Years of the Dragons

By DENNY LEE
May 11, 2003. New York Times

THE night of Aug. 29, 1978, a lean, neatly dressed 23-year-old stumbled into the Fifth Precinct station house in the heart of Chinatown, bleeding from bullet wounds to his head and back. The victim was immediately recognized as the founder of the Ghost Shadows, one of Chinatown's most notorious gangs. But he refused to cooperate with the police, except to confirm that the shooting had taken place around the corner, at a mah-jongg parlor hidden beneath a restaurant on Mott Street.

One afternoon a few weeks ago, the same man, now 48 and graying, strode confidently into the Chinatown Day Care Center, a community-run nursery on Division Street. A 4-year-old in a purple down jacket darted from her seat to give her father a hug.

"Chinatown is not like before," the man remarked to a visitor as he returned the child's hug. "Chinatown is peaceful now. And there are no more gangs."

Of all the changes that have taken place in Chinatown in the last decade - the new wave of Fujianese immigrants, the shrinking of neighboring Little Italy, the gentrification of once squalid tenements - none has been as dramatic, or as historic, as its disappearing gang culture. Yin, who agreed to discuss his past on the condition that only his first name be used, played a pivotal role in this culture before serving 10 years in prison. But it is fast becoming a thing of the past.

Last year, for the first time in recent memory, not a single homicide was reported in the Fifth Precinct. The bullet-ridden alleyways of Mott and Pell Streets, the site of so many bloody turf wars, are as safe as the new Times Square.
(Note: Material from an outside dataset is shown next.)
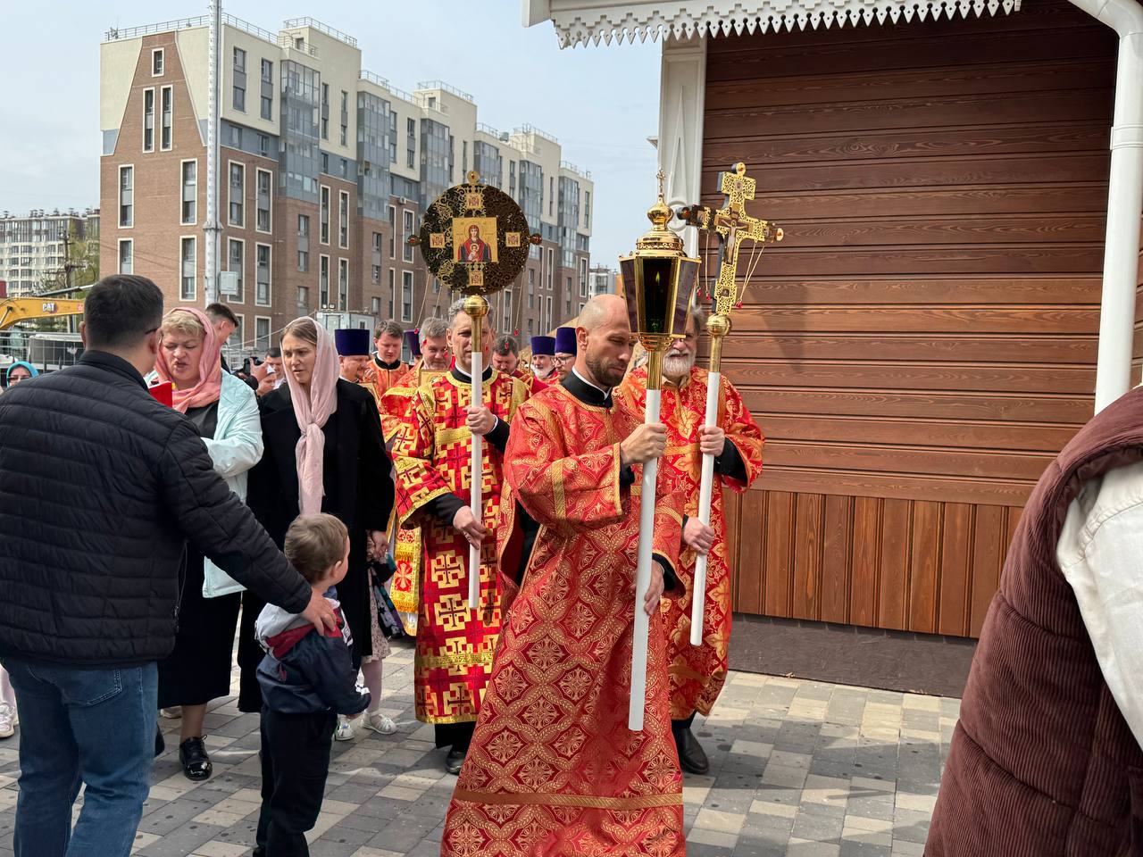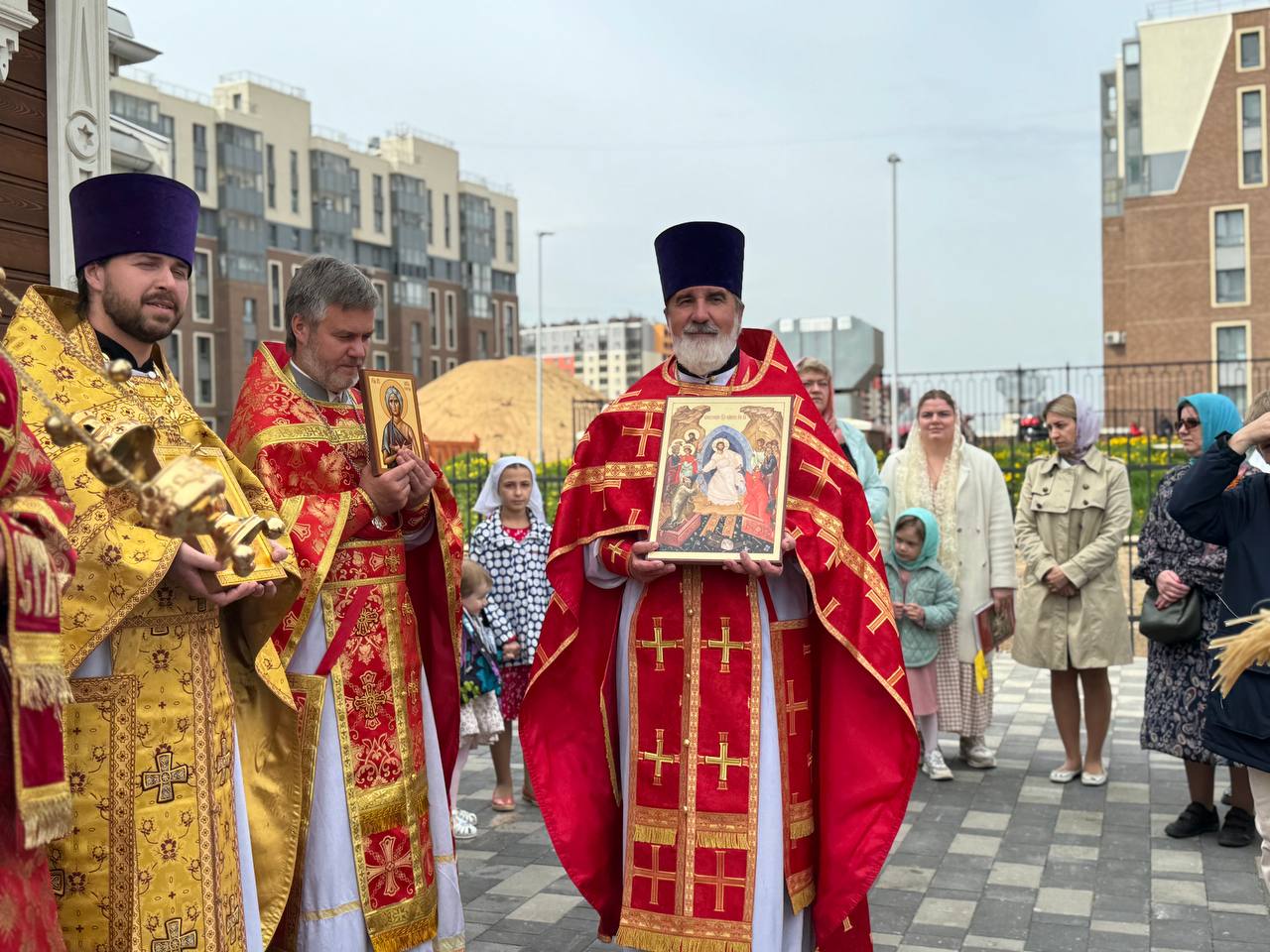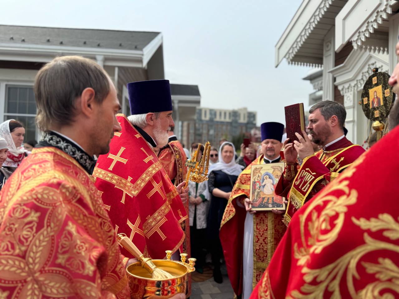 Был совершен крестный ход вокруг храма.

Local merchants who once coughed up thousands of dollars a year for protection money now use that money for mortgages. The cliques of menacing gang members who once recruited outside schoolyards have vanished without a trace.

"The heyday of youth gangs hanging out at different buildings and gambling houses, protecting businesses, going to restaurants for 'tiger meals' and not paying - that has pretty much disappeared from Chinatown," said Peter Kwong, director of the Asian-American studies program at Hunter College and the author of "The New Chinatown" (Hill & Wang, 1996).
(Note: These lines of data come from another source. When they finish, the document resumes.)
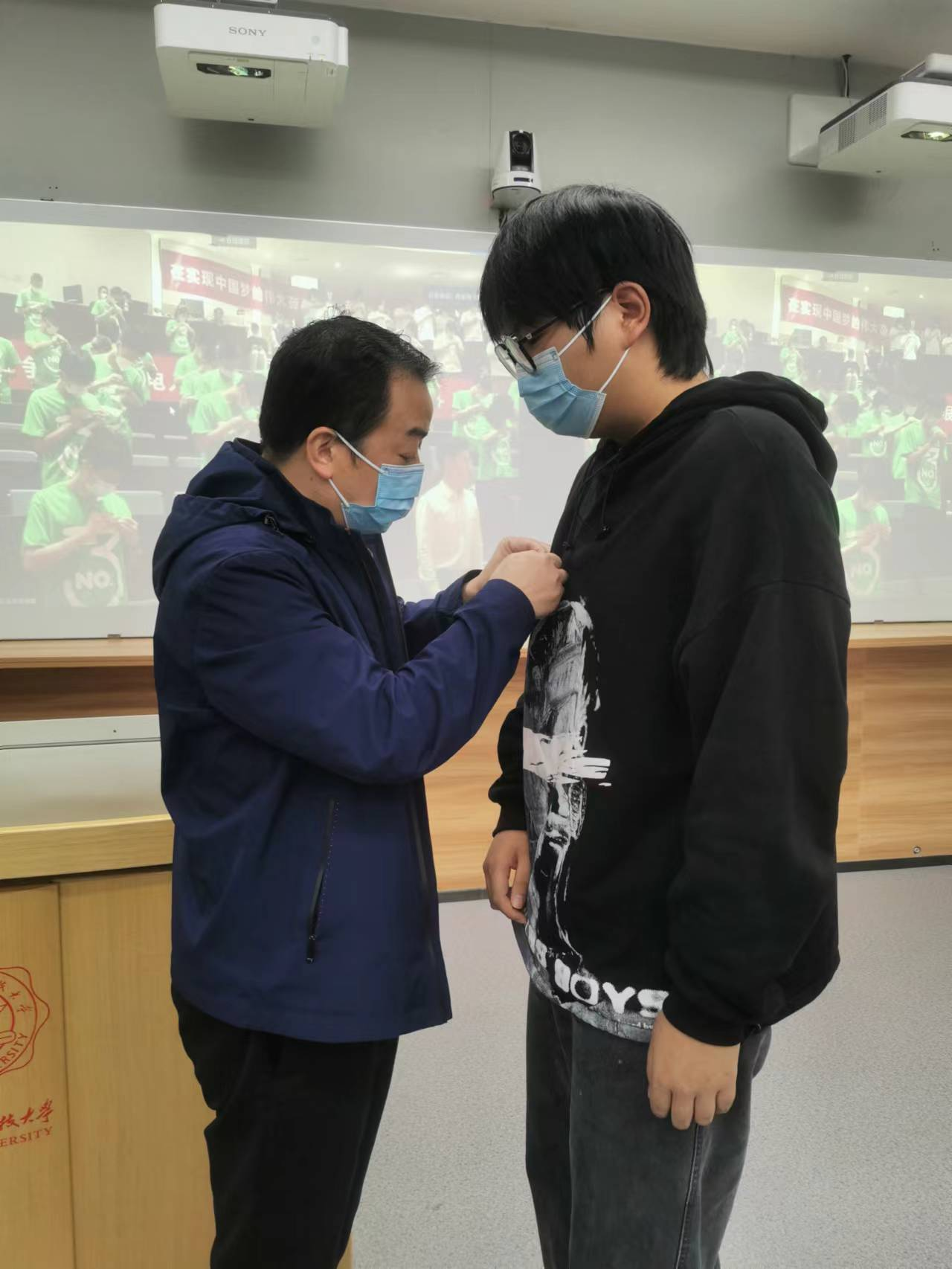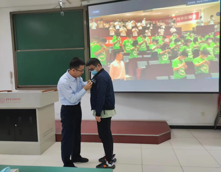 2026年世界杯官网2022级研究生在北校区设立的四个分会场参加典礼,机电公司党委书记梁玮,执行经理黄进,副经理陈晓龙、卢琳、段学超等出席分会场。公司领导和全体研究生新生一起,全程观看了开学典礼的直播,并为2022级新生代表佩戴了校徽。
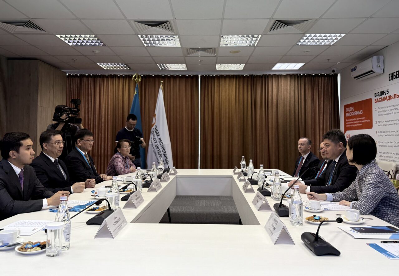 Çalışma ziyareti kapsamında Kazakistan'ın başkenti Astana'da bulunan Mesleki Yeterlilik Kurumu (MYK) Başkanı Aşkın Tören, Kazakistan Çalışma ve Nüfusun Sosyal Korunması Bakanlığına bağlı İşgücü Geliştirme Merkezi Başkanı Yerasıl Jumanbayev ile bir araya geldi.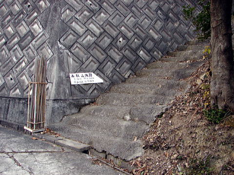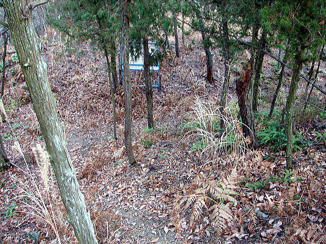 ⇒写真に写っている標識に書かれているように、ここからは曲がりくねった登城道になり、かなり急勾配の道が続く。

The Jade Squad, a now-defunct special police unit formed in the 70's to tackle the gangs, attributed the change to arrests and racketeering convictions. The reasons are more complex, touching upon such diverse factors as changing international drug routes, cultural shifts, assimilation, even the crush of buses bound for Atlantic City.
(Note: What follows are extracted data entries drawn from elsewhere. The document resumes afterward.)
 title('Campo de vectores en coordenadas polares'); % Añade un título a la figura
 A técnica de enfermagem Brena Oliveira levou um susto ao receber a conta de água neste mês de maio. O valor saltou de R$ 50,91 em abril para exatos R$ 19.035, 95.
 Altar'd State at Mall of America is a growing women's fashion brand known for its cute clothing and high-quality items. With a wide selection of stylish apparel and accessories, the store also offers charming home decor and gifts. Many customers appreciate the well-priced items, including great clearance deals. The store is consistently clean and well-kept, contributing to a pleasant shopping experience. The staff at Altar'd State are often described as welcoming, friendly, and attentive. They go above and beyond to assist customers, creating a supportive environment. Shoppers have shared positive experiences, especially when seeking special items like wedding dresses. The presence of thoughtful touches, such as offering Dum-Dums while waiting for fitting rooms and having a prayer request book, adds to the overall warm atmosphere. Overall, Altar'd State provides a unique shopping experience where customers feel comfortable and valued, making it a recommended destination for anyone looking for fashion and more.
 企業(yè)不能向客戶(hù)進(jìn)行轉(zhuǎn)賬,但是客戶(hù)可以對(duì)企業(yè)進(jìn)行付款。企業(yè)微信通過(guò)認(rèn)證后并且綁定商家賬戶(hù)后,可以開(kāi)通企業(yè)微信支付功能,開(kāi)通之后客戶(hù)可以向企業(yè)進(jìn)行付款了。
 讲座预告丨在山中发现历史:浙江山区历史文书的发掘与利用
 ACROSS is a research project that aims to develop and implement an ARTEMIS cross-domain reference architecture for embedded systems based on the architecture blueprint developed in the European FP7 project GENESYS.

But whatever the explanation, few will forget the screams of kidnapping victims and the crackle of bullets flying through crowded Chinese restaurants that marked the era of gang domination in the neighborhood. For better or worse, gangs were embedded in Chinatown's fabric.

"It's a part of our history that we need to remember,'' another former gang member said. "Gangs were a major part of Chinatown's soul.''

The Ghosts of Mott Street

Yin, the gang member who stumbled into the Fifth Precinct station that violent night, was 15 when he started hanging out with the wrong crowd. With his lanky frame and boyish good looks, he looked like a model child, but his charismatic smile and intense manner made him a natural leader for disaffected Chinatown youths.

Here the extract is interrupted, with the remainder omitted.